If it were not for the supporting wires (fishing line), that comb must surely be at risk - even the slightest gust of wind might be enough to flex that soft comb like a hinged flap, and drop it onto the ground.

Sure - in a month or two that comb will be secure enough without any support - but right now it's extremely vulnerable.

Give me a bottom bar and supporting wires any day ...

LJ


----------



## cerezha (Oct 11, 2011)

asd said:


> ... If you don't intent to extract they're perfect...


I am a hobbyist, I do crush-and-strain, not a problem


----------



## cerezha (Oct 11, 2011)

Little-John said:


> .
> Well, here's another side to the same story...

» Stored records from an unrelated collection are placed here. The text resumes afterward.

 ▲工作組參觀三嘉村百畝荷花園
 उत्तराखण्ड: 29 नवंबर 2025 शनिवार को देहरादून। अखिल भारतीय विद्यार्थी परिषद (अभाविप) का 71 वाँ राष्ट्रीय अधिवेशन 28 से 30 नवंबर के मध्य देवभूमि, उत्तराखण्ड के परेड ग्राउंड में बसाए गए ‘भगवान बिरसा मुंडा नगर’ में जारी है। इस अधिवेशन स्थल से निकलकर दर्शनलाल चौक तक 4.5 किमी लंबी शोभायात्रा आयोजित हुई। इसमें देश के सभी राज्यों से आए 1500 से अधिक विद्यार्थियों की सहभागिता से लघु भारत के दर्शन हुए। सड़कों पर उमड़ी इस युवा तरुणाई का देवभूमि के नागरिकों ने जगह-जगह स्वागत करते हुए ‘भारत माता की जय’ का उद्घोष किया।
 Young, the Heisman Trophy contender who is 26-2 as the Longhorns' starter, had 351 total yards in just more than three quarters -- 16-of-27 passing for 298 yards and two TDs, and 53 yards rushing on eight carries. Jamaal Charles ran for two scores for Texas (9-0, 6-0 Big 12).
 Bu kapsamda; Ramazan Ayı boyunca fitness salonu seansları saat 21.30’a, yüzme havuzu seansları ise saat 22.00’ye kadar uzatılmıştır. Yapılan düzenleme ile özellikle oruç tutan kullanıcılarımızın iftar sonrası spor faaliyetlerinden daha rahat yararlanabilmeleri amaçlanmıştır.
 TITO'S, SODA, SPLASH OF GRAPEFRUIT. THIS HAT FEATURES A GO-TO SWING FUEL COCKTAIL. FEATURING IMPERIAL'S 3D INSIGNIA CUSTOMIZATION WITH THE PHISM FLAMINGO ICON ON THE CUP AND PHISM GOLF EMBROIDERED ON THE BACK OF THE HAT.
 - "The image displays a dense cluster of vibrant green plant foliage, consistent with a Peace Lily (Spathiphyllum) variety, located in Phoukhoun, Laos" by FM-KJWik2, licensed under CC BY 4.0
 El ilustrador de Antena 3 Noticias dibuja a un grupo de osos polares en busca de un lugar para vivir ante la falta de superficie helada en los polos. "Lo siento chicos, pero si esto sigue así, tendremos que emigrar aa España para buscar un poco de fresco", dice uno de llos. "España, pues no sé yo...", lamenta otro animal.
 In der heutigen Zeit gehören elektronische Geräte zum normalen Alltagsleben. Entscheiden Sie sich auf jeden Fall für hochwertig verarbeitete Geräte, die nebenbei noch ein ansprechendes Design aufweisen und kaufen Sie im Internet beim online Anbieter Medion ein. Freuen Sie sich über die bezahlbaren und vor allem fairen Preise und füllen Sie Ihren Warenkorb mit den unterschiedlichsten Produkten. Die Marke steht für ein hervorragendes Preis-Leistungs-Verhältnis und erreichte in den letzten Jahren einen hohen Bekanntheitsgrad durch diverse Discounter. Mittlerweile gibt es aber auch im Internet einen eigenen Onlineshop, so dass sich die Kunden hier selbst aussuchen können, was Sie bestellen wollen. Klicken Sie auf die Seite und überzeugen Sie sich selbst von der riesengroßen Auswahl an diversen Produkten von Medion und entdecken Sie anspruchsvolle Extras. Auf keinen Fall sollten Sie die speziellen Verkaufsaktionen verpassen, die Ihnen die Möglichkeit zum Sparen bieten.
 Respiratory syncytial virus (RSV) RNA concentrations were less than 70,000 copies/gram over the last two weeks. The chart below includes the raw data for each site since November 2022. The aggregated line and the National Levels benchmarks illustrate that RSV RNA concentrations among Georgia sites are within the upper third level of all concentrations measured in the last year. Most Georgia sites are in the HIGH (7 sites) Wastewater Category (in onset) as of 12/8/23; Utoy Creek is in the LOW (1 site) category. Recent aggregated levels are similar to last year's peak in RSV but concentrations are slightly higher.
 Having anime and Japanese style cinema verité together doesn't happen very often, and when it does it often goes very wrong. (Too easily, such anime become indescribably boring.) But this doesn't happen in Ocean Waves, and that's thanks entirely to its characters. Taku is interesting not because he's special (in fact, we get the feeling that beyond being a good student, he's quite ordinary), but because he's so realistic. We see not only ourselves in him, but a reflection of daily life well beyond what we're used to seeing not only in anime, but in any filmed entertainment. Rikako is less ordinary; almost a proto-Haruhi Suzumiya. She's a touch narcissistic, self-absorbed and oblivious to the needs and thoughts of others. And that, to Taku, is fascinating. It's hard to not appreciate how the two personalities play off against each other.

 Essentially, my bees learned how to use top-bars only and we have very little problem with attachment etc. Once bees got the idea (top bar, straight comb), they follow the rules. They do not need any starter etc. At the beginning I tried many different "starters" - all of them helped somehow, but never 100%. I had anecdotal situation, when placed top-bar starter up - bees build perfect comb without any starter AND they did not use starter on the upper side to build the comb upwards. For medium boxes, I have very little problems related to comb's attachment-detachment. Deep box is another story - it can be done without anything, but short side bars can substantially improve stability.


----------



## asd (Jun 10, 2015)

cerezha said:


> I am a hobbyist, I do crush-and-strain, not a problem


That's a smart thing to do for a hobbyist. I'm a hobbyist too. This year I started to use wired(bought them so). One thing about foundation less frames is that in Spring you get tons of drone combs no matter where you put those frames(at least that's what happens in my location). I get much better results on nucleus hives as they are in the build up phase.









However I plan to use those drone frames in the honey supers. Does this happen to you too?


----------



## cerezha (Oct 11, 2011)

asd said:


> ... you get tons of drone combs... Does this happen to you too?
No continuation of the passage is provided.